A tiny, **pure, dependency-free** library for gating expensive remote/external work — the same
machinery for a **cloud GPU job** (a Cloud Run L4 reached over a tailnet) and a **paid LLM/SDK API
call** (Gemini, Claude, Rowan). It answers three questions, fail-closed:

- **Can we afford it?** — a hard, reserve-on-approval **budget cap** (per-run + per-month).
- **Where should it run?** — a pure **router**: `LOCAL → LAN → CLOUD → SDK`, SDK opt-in only.
- **Is the external call safe?** — opt-in, audited **API egress** with reference-only secrets.

It owns the *policy* (afford / route / approve / egress); your app keeps its job entity,
persistence, and executor. The transport *auth* (who may talk) is a separate concern — pair this
with [`tailnet-guard`](https://github.com/falahat/tailnet-guard).

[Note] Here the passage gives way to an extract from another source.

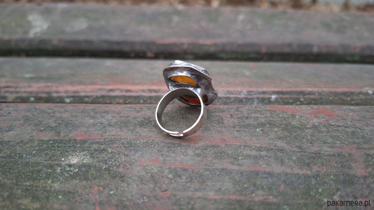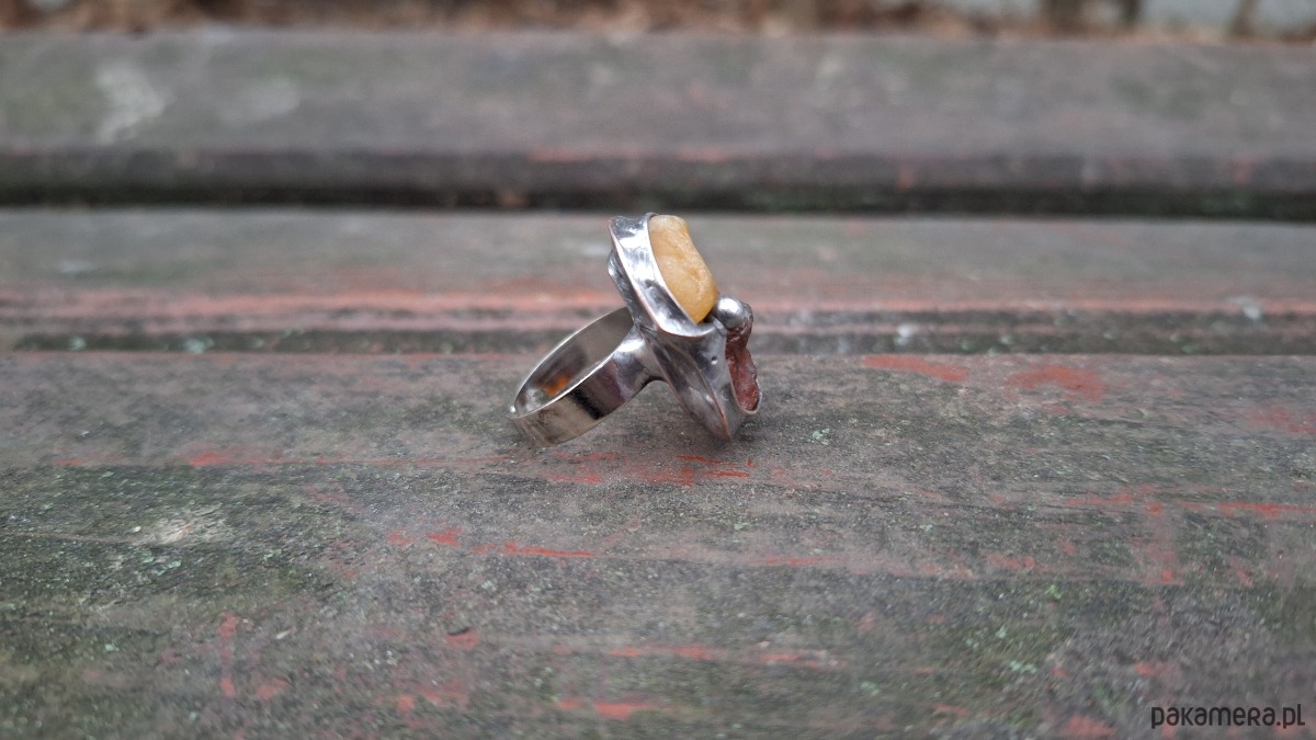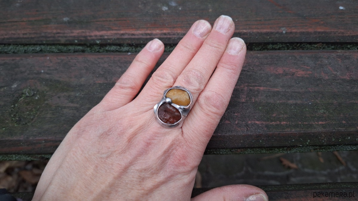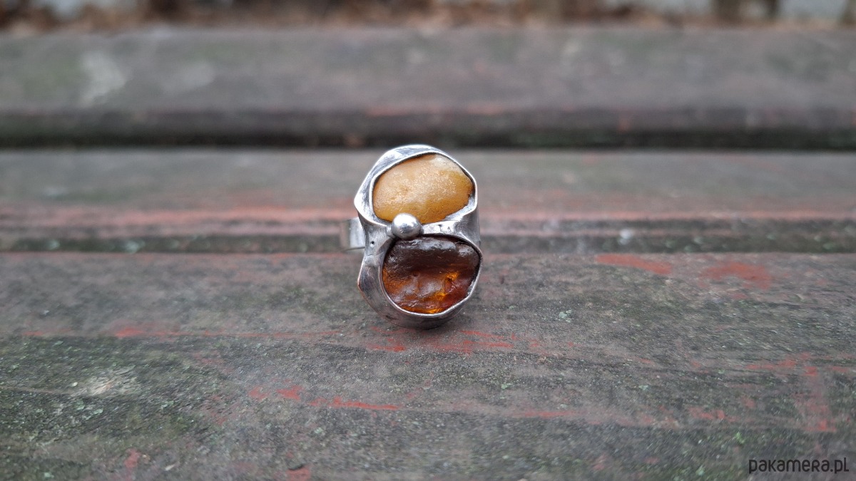 Pierścionek wykonany z miedzi, cyny i bursztynów. Wymiary ok. 2.5 na 2 cm. Regulowany. Nie jest ciężki.

Stdlib only; every check is
fail-closed (default budget `0` = paid work off; SDK never auto-selected; a missing key refuses).

## Use

```python
from decimal import Decimal
from dispatch_kit import (
    BudgetCap, BudgetState, CostRates, admits, estimate_cost,   # the hard $ cap
    select_backend, BackendKind, ToolRequirements,              # the where
    SecretRef, ExternalEndpoint, log_egress,                    # opt-in API egress
    Approval,                                                   # the approval audit fact
)

# 1. Reserve-on-approval: refuse a job that would push past the cap (both windows).
rates = CostRates(gpu_usd_per_s=Decimal("0.0008"), vcpu_usd_per_s=Decimal("0.00001"),
                  gib_usd_per_s=Decimal("0.000002"), idle_tail_s=Decimal(600))
cost = estimate_cost(rates, max_runtime_s=3600, vcpus=8, memory_gib=32)   # an UPPER bound
decision = admits(cost, run_state, month_state, BudgetCap(run_usd=Decimal(50), month_usd=Decimal(500)))
if not decision.admitted:
    raise OverBudget(decision.reason)        # default cap is $0 — paid work is off until you set one

# 2. Pick where it runs — LOCAL first, SDK only if explicitly allowed.
backend = select_backend(my_backends, ToolRequirements(tool_id="cofold", min_vram_gb=24.0))

# 3. An LLM/SDK key is a REFERENCE (env var name), resolved at call time, never logged.
gemini = ExternalEndpoint("gemini", "https://generativelanguage.googleapis.com",
                          SecretRef("GEMINI_API_KEY"))
log_egress(gemini, detail="summarize")       # audit that data left the boundary
headers = {"Authorization": gemini.bearer()} # raises if the key is unset (never an unauth call)
```

## What's in the box

| Module | Purpose |
|---|---|
| `budget` | `BudgetCap` / `BudgetState` / `CostRates` / `admits` / `estimate_cost` — the hard, Decimal-exact, reserve-on-approval cap across a run + month window |
| `estimate` | `CostEstimate` / `HostCapabilities` / `vram_fits` — the one "no GPU ⇒ a GPU job is infeasible" rule, shared by the gate and the router |
| `routing` | `BackendKind` / `BackendCapabilities` / `ToolRequirements` / `select_backend` (generic over a `Routable`) — the pure `LOCAL→LAN→CLOUD→SDK` policy; SDK opt-in |
| `egress` | `SecretRef` / `ExternalEndpoint` / `log_egress` — reference-only API keys, https-only, fail-closed on a missing key, audited egress (SDKs **and** LLM APIs) |
| `approval` | `Approval` / `ApprovalOutcome` — the who/when/why audit fact for a gated job |
| `dispatch` | `JobStore` / `Transport` / `WorkerExecutor` protocols + `is_lease_stale` / `should_give_up` / `Lease` — the run-it-once-recoverably contract (atomic claim, stale-reject, lease recovery); push vs pull is only the `Transport` adapter |

## Notes

- **The budget cap lives in your dispatch service, never the UI** — an agent hitting the API
  directly is still gated. Default cap `$0`; if spend can't be computed, refuse.
- **Reserve on approval, reconcile on completion** — approving reserves the estimate immediately so
  a burst counts against the cap; the worker's true runtime reconciles `reserved → spent`.
- **SDK / external egress is the one deliberate exception** — never the default (`allow_sdk` /
  opt-in), always logged, the key sourced from a secret at call time and never written to a log.